Borrowers Brave Record Jobless Claims With Bigger, Bolder Sales
(Dollar Photo Club)

Thursday, 02 April 2020 12:14 PM EDT

Even as the number of jobless claims soar, companies around the globe are capitalizing on investors’ thirst for debt by moving ahead with larger and riskier bond offerings.

T-Mobile US Inc. is bringing what could be a $10 billion offering, one of the biggest this year, and the high-yield market is coming back to life with two new deals from Tenet Healthcare Corp. and TransDigm Group Inc. T-Mobile and Tenet were announced just ahead of what turned out to be 6.6 million more Americans applying for unemployment benefits, double last week’s record. More borrowers like VMware Inc. and Ross Stores Inc. came forward after that, on top of 16 in Europe.

Issuers are seeing a resurgence in risk appetite, as massive demand for new issues has allowed companies to go bigger and bolder with their debt offerings. Cruise line operator Carnival Corp., though technically investment-grade rated, was able to draw massive demand from high-yield investors for a bond sale that ended up being larger and cheaper than expected. Junk bond funds are expected to see a record inflow this week when Refinitiv Lipper reports data later Thursday, reversing six straight weeks of outflows.
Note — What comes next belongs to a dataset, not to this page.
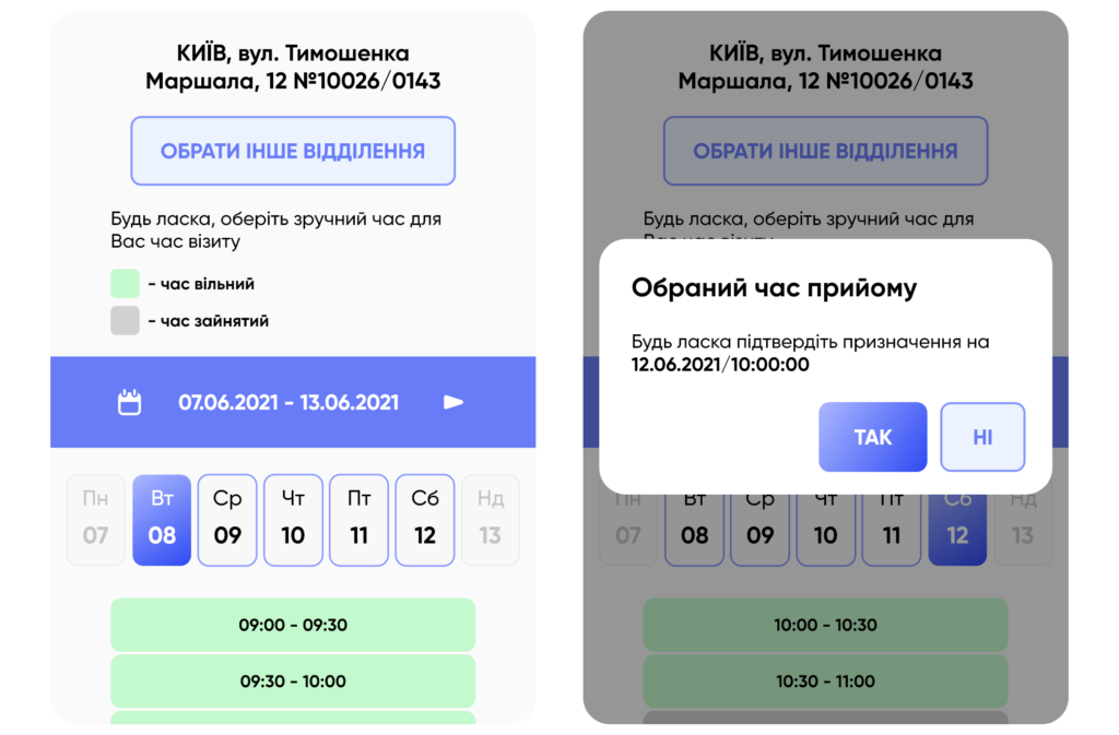After confirmation, you can choose the date and convenient time for your visit. If the desired time is not available at the selected branch, you can change the branch.
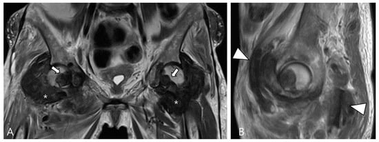 A 62-year-old female with amyloid arthropathy in both hip joints. (A) Coronal T2WI shows periarticular soft tissue masses (asterisks) extending to intra-articular space with heterogeneously low SI in both hip joints. Bony erosions at both femoral heads (arrows) are combined. (B) Sagittal T2WI shows that the mass infiltrates into the adjacent tendon and muscles (arrowheads).

Credit investors’ desire for European corporate debt is showing no sign of easing as they throw more than 70 billion euros ($76.5 billion) toward new European bond offerings in just one day. Among the big ones today are oil majors BP Plc and Royal Dutch Shell Plc, taking advantage of rising oil prices after China said it would boost its reserves.

“Primary market activity has resumed with a vengeance,” said Wolfgang Bauer, a fund manager at M&G Plc. “It’s fair to say that market functionality in the European investment-grade market, particularly on the primary market side, has noticeably improved over the past week.”

U.S.

T-Mobile will likely be the largest deal on the docket today, in what could be at least a $10 billion offering. There are 12 deals in the market as of 9:22 a.m. in New York.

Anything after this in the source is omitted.